IN PRINCIPIO ERAT VERBVM

    En el principio era el verbo (ἐν ἀρχῇ ἦν ὁ λόγος), esto es, la palabra, así empieza el Evangelio de Juan. Hoy tendríamos que decir, más bien, que eso sería en el principio de los tiempos, porque ahora lo que queda de aquello, no es el λόγος, el uerbum, la palabra, sino sólo imagen: la imagen es lo único que cuenta en la actualidad. Si “in principio erat uerbum” hoy estamos bajo la dictadura de la imagen: nunc est imago.

    La máquina expendedora de imágenes, la televisión, operativa desde 1956 en las Españas, es la primera escuela del niño, la auténtica παιδεíα, paideia, enciclopedia o educación. La educación audiovisual, es un poderoso medio que desarrolla la capacidad de ver en detrimento de la de entender y razonar. Decir que es un instrumento de comunicación es minimizar su importancia propedéutica y pedagógica. Decir que hay mucha telebasura es ocultar que la televisión, toda ella sin excepción, es basura. Al niño se le enchufa en casa desde muy temprano,  horas y horas, lo que explica que la tierna criatura amamantada por la televisión sea después un adulto infantilizado que sólo responderá a estímulos audiovisuales. Cuando vaya a la escuela primaria y después al instituto descubrirá que en el aula también, como en su casa, no faltan los medios audiovisuales. 
 
    Cuando se habla aquí de televisión, se hace en sentido amplio, no hace falta decirlo,  y se incluye también Internet, que, desde la primera conexión que se realizó en España a la Red de Redes en 1990, ha crecido y sigue creciendo imparablemente, y hoy es la mayor máquina de producción de imágenes y vídeos, incorporada en seguida por el Ministerio de Educación y Ciencia como instrumento fundamental de educación y aprendizaje en escuelas, institutos y universidades.
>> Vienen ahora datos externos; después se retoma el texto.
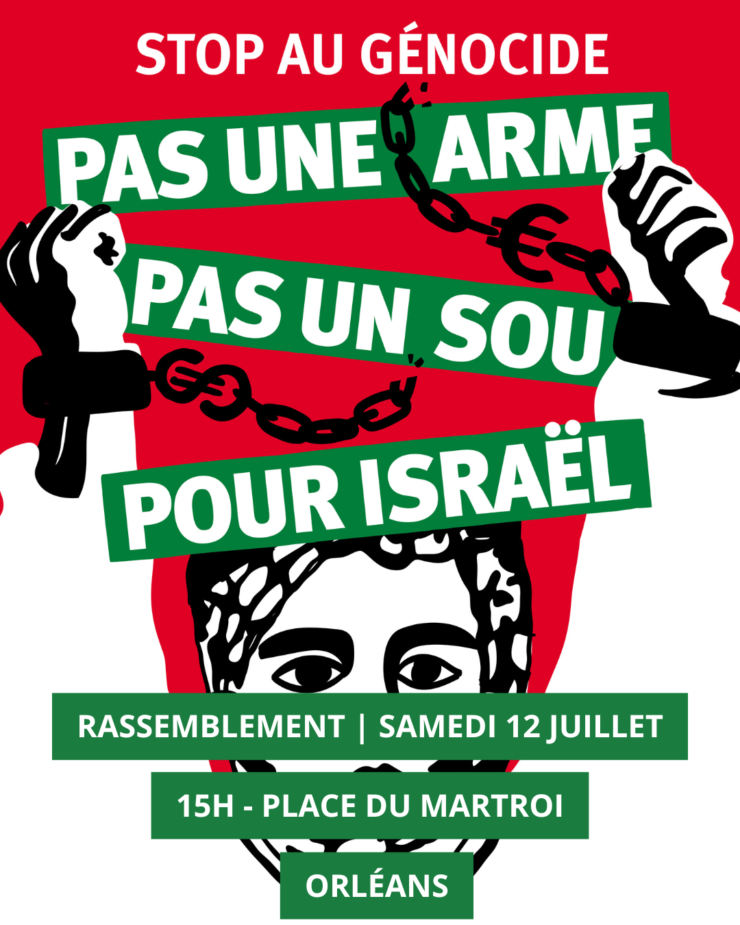 Samedi 12-07 15h00 Place de Gaulle à ORLEANS A l’appel du Collectif Nous reprendrons la mobilisation qui a démarré en France (mais venue de Hollande entre autre) : « Les lignes rouges ont depuis longtemps été franchies à Gaza ! »

    No viene mal recordar la etimología de la palabra “infancia”: está compuesta de la negación in- “no” y de la raíz verbal fa-ri “hablar”. Su correlato griego sería: afasia, incapacidad de hablar debida a una lesión cerebral, con la negación griega incorporada a- y la misma raíz indoeuropea *bhā-, por lo que la infancia sería la etapa en la que el ser humano no habla y por lo tanto no razona todavía porque no hace uso de la maquinaria del lenguaje. No hace falta ser muy perspicaz para darse cuenta de que esta etapa cada vez se alarga más: cuanto más aumenta la edad media de la población y esta envejece más, más se infantiliza, más perdura en ella una eterna niñez y adolescencias que no acaban nunca.



    Se impone la infantilización: la impulsividad, la falta de reflexión. Se rinde culto a las imágenes, que se han convertido en sagradas. Las imágenes son veneradas como íconos. De hecho, es significativo el uso moderno de la palabra ícono (representación religiosa de pincel o relieve, usada en las Iglesias cristianas orientales) como sinónimo de imagen. Recuerdo a una abuela, que analfabeta como era, cuando veía un libro con muchas imágenes decía con más razón de lo que parecía que tenía muchos "santos". 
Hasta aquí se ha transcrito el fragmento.